## Instructions to follow
For every entry that follows, return the words exactly and omit any picture.

+===+

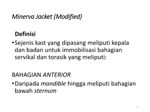 Minerva Jacket (Modified) Definisi •Sejenis kast yang dipasang meliputi kepala dan badan untuk immobilisasi bahagian servikal dan torasik yang meliputi: BAHAGIAN ANTERIOR •Daripada mandible hingga meliputi bahagian bawah sternum 48
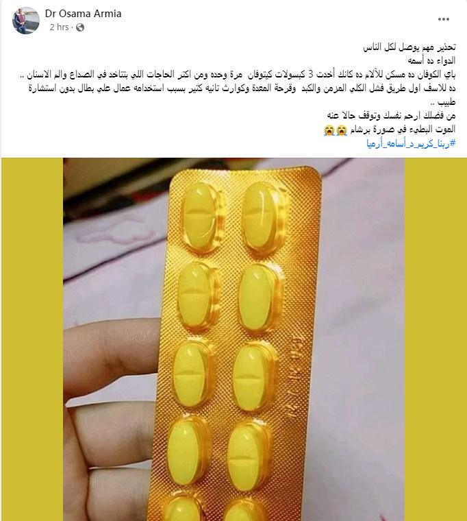 وكتب أسامة أرميا تدوينة على الفيس بوك "تحذير مهم يوصل لكل الناس.. الدواء ده أسمه باي الكوفان ده مسكن للآلام ده كانك أخدت 3 كبسولات كيتوفان مرة وحده ومن اكتر الحاجات اللي بتتاخد في الصداع والم الاسنان.."
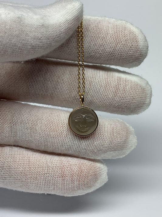 14K Solid Yellow Gold, Grey Moonstone "Moon" Pendant, Small Size
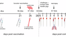 The animal experiments were performed according to local law and were approved by the Ethical Committee for Animal Experiments of the Canton of Bern, Switzerland (license #BE7/12). In total, 31 healthy seven-week-old Swiss Large White pigs (18 castrated males and 13 females) from our specific-pathogen-free (SPF) breeding facility were used. The animals were housed in groups of ≥3 inside the containment facility of the Institute of Virology and Immunology IVI representing a BSL3-Ag facility. Prior to infection, the animals were allowed to accustom to the new environment for one week.
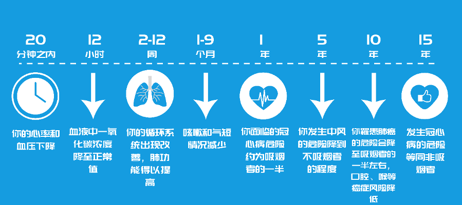 戒烟后20分钟内,增高的心率和血压就会下降。12小时后,血液中的一氧化碳浓度降至正常。在2-12周内,循环系统出现改善,肺功能得以提高。1-9个月后,咳嗽和气短症状会有减轻。
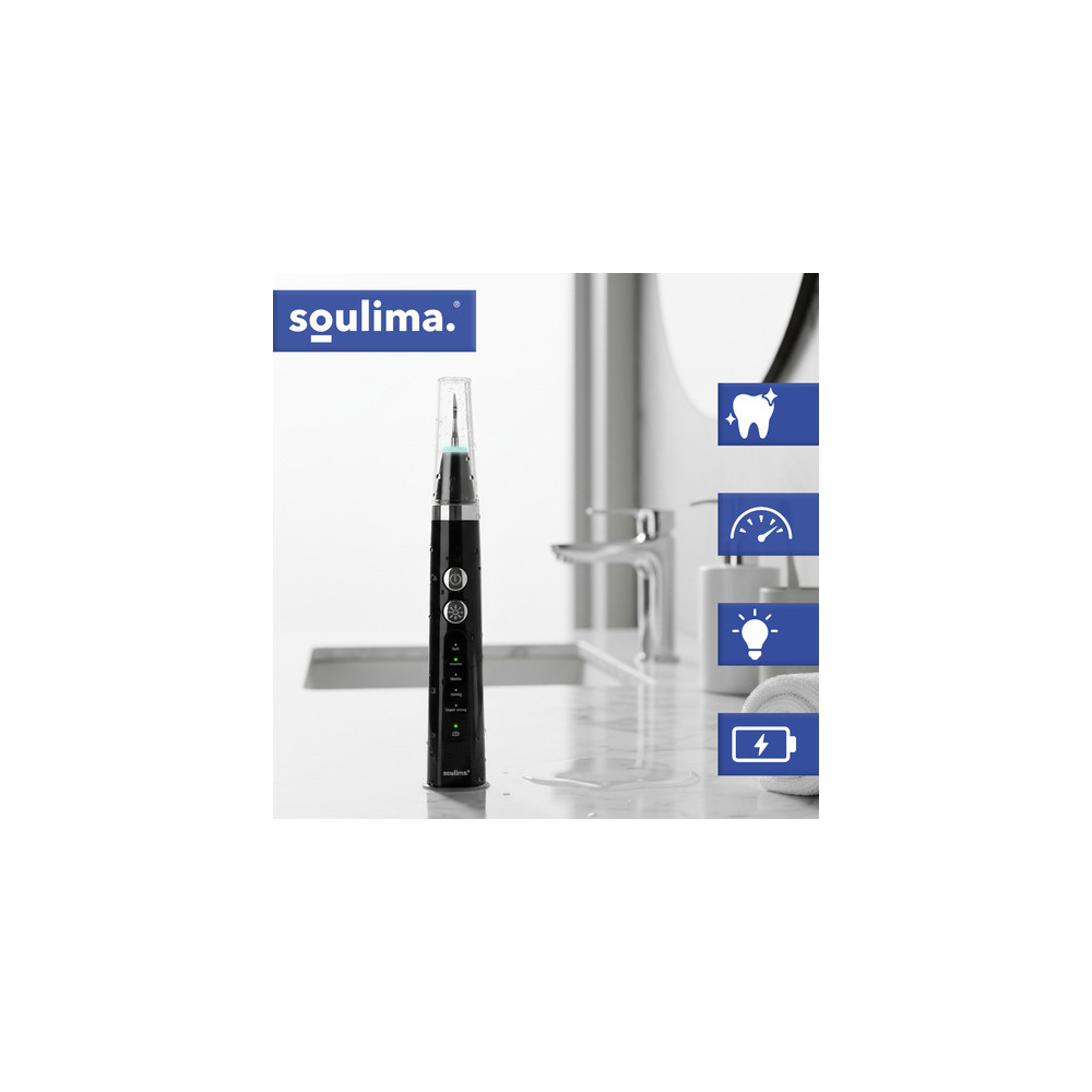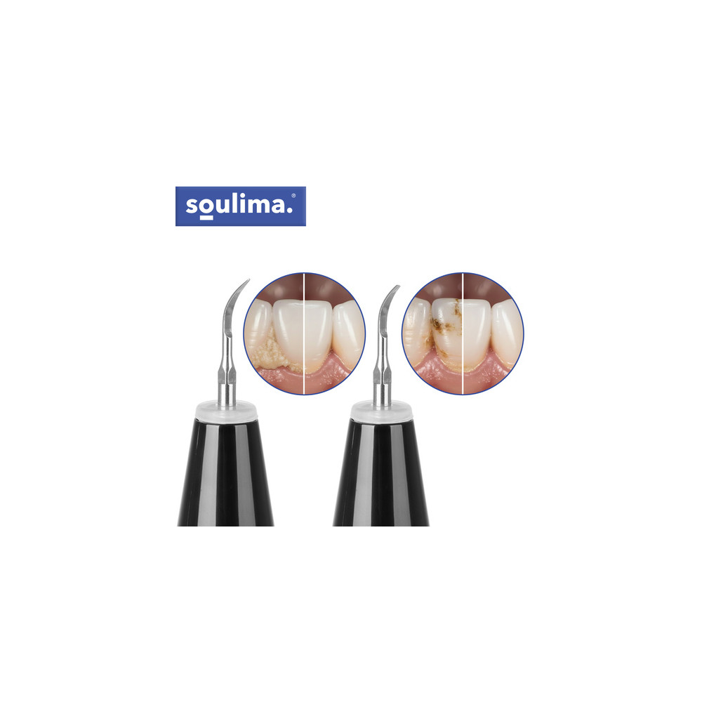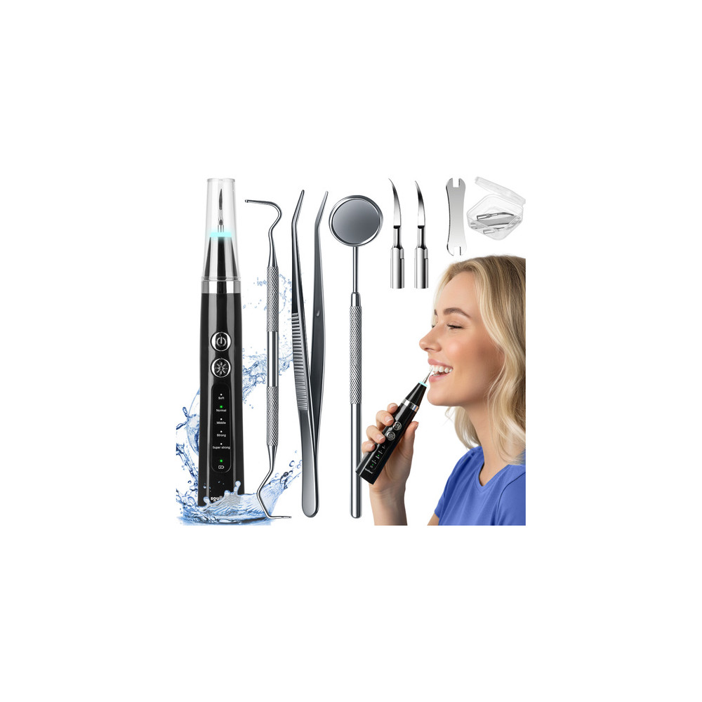 Ultrazvukový odstraňovač zubního kamene je moderní zařízení určené pro účinné a bezpečné odstranění vodního kamene, usazenin a zabarvení . Díky nastavení až pěti úrovní intenzity poskytuje nástroj profesionální hygienické výsledky v pohodlí domova. LED podsvícení usnadňuje práci na těžko dostupných místech a účinná baterie umožňuje několik hodin používání bez nabíjení. Výkon si můžete přizpůsobit přesně podle svých potřeb od šetrného odstraňování usazenin až po intenzivní působení na tvrdý kámen.

+===+

## Solution for this exercise
 Minerva Jacket (Modified) Definisi •Sejenis kast yang dipasang meliputi kepala dan badan untuk immobilisasi bahagian servikal dan torasik yang meliputi: BAHAGIAN ANTERIOR •Daripada mandible hingga meliputi bahagian bawah sternum 48
 وكتب أسامة أرميا تدوينة على الفيس بوك "تحذير مهم يوصل لكل الناس.. الدواء ده أسمه باي الكوفان ده مسكن للآلام ده كانك أخدت 3 كبسولات كيتوفان مرة وحده ومن اكتر الحاجات اللي بتتاخد في الصداع والم الاسنان.."
 14K Solid Yellow Gold, Grey Moonstone "Moon" Pendant, Small Size
 The animal experiments were performed according to local law and were approved by the Ethical Committee for Animal Experiments of the Canton of Bern, Switzerland (license #BE7/12). In total, 31 healthy seven-week-old Swiss Large White pigs (18 castrated males and 13 females) from our specific-pathogen-free (SPF) breeding facility were used. The animals were housed in groups of ≥3 inside the containment facility of the Institute of Virology and Immunology IVI representing a BSL3-Ag facility. Prior to infection, the animals were allowed to accustom to the new environment for one week.
 戒烟后20分钟内,增高的心率和血压就会下降。12小时后,血液中的一氧化碳浓度降至正常。在2-12周内,循环系统出现改善,肺功能得以提高。1-9个月后,咳嗽和气短症状会有减轻。
 Ultrazvukový odstraňovač zubního kamene je moderní zařízení určené pro účinné a bezpečné odstranění vodního kamene, usazenin a zabarvení . Díky nastavení až pěti úrovní intenzity poskytuje nástroj profesionální hygienické výsledky v pohodlí domova. LED podsvícení usnadňuje práci na těžko dostupných místech a účinná baterie umožňuje několik hodin používání bez nabíjení. Výkon si můžete přizpůsobit přesně podle svých potřeb od šetrného odstraňování usazenin až po intenzivní působení na tvrdý kámen.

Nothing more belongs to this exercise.